В дыму и пыли гнал сотник отступающих узбеков, крестил шашкой — или ты успеешь ударить, или в тебя хлопнет из пыльной тучи прадедовский карамультук… А на жаре полфунта дроби в кишках воспаляются живо; паршивая смерть от раны в живот, мучительная. Гонишь узбека — гони, не давай ни минуты прикладываться и заряжать!
Рубанул по темной фигуре в клубах пыли, да и положил на месте мальчишку лет десяти-двенадцати, который черт знает, что там делал при войске.
В наши времена кто же беспокоится о пацане, торгующем жопой при чурках. Но времена отличаются не количеством танков и не частотой расстановки заклепок, а отношением и поступком. Ушел сотник Наливкин в гражданскую службу, а службы не умел вовсе, и только жена подсказала выход. Продали кольца, продали приданое, купили участок и дом. Холодную туземную саклю, в которой прожили шесть лет, и дети Наливкиных услышали русскую речь только по достижении школьного возраста, потому что на весь огромный Наманганский уезд русских семей обитало три. Один, два, три — это не опечатка от слова «тридцать» или «триста». Это три семьи на сотни километров жары, чуждой речи, неприятных обычаев… И единственная русская школа при Ташкентском гарнизоне, а вокруг все еще война с Кокандским Ханством, с Бухарой, с Хивой…

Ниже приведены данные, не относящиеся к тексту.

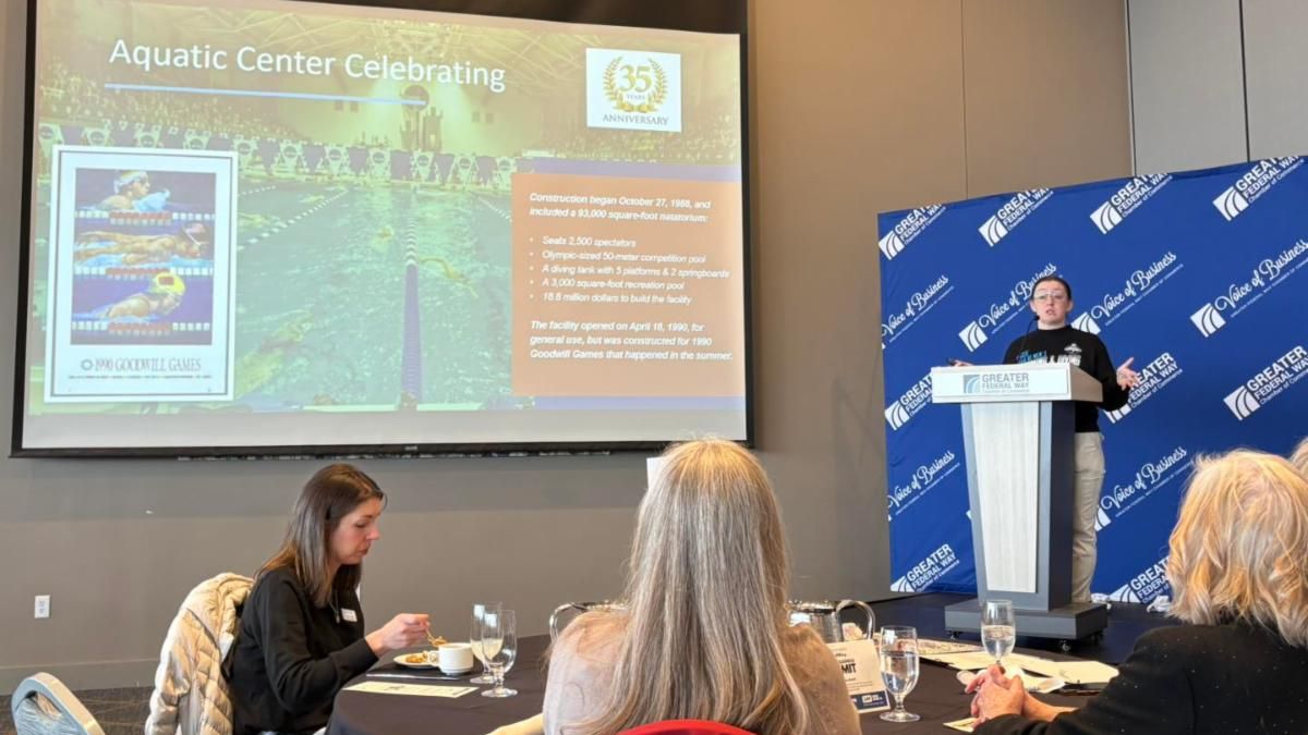 Mayor Jim Ferrell and members of the City Council attended last week's Greater Federal Way Chamber of Commerce luncheon, which featured a keynote from Meagan Viken. Viken manages the King County Aquatic Center, where she focuses on both high-level competition and community access.
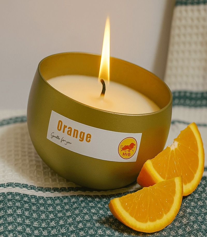MVB Vegan Organic Hand-Poured Soya Wax Candle –Perfumed with Revitalizing Orange Essential Oil
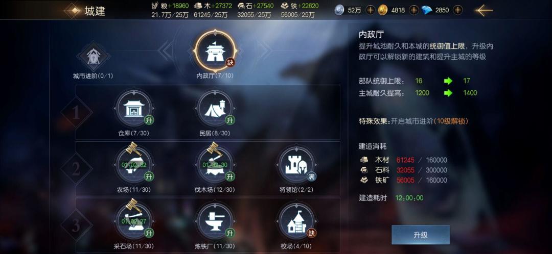 首先我就提升内政厅等级,将部队的统御值上限提升,这样子就可以搭配三个橙色将领了,在阵容上还根据弓兵克制步兵的兵种克制关系,搭配了对应的将领,并且提升了弓兵的技能,这是一处优势。而后是直接提高带兵数量,在内政厅那里把兵营等级升到了7级,带兵数量大幅度提高,加上我辛苦练级的将领,带兵数量达到了一万五六的样子,基本上持平了数量,虽然还是有劣势。

Жили Наливкины обычными декханами, мотыжили землю, слушали перебранки соседей. Вели дневник, и по их-то запискам, оформленным, изданным, награжденным Большой золотой медалью русского географического общества, до сих пор изучается этнография оседлых узбеков, тех, что гордые кочевники называли «сар-ыт», «желтая собака», сарт. И сам Лев Гумилев, автор теории пассионарности, позже учил узбекский по их, Наливкинским, словарям. Других русско-узбекских словарей очень долго попросту не было!
Затем выправился душой казачий сотник. Благодаря исключительному знанию обоих миров — туземного декханского и русского имперского, на стыке которых оказался, как на лезвии — сделал в Туркестане стремительную карьеру. Местные уважительно звали его «домулла», то есть наставник. Неместные скрипели зубами, ибо характер у сотника сохранился казачий, и взятку он мог просителю не только запихнуть, но и шомполом утрамбовать, а большого начальника из самой столицы легко послать по следам Пржевальского, только без лошади. Но в те годы не существовало в Туркестане человека, сведущего в обычаях и жизни населения лучше Наливкиных, а потому до вице-губернатора сотник дослужился, и в оставку вышел чином уже генеральским.
На пенсии же избрали его, по всем известной честности, во временное правительство. А там он уже сам, при помощи все того же характера, рассорился и с красными, и с белыми. И замкнулось кольцо, и ударился дед в бега… Где же любовь?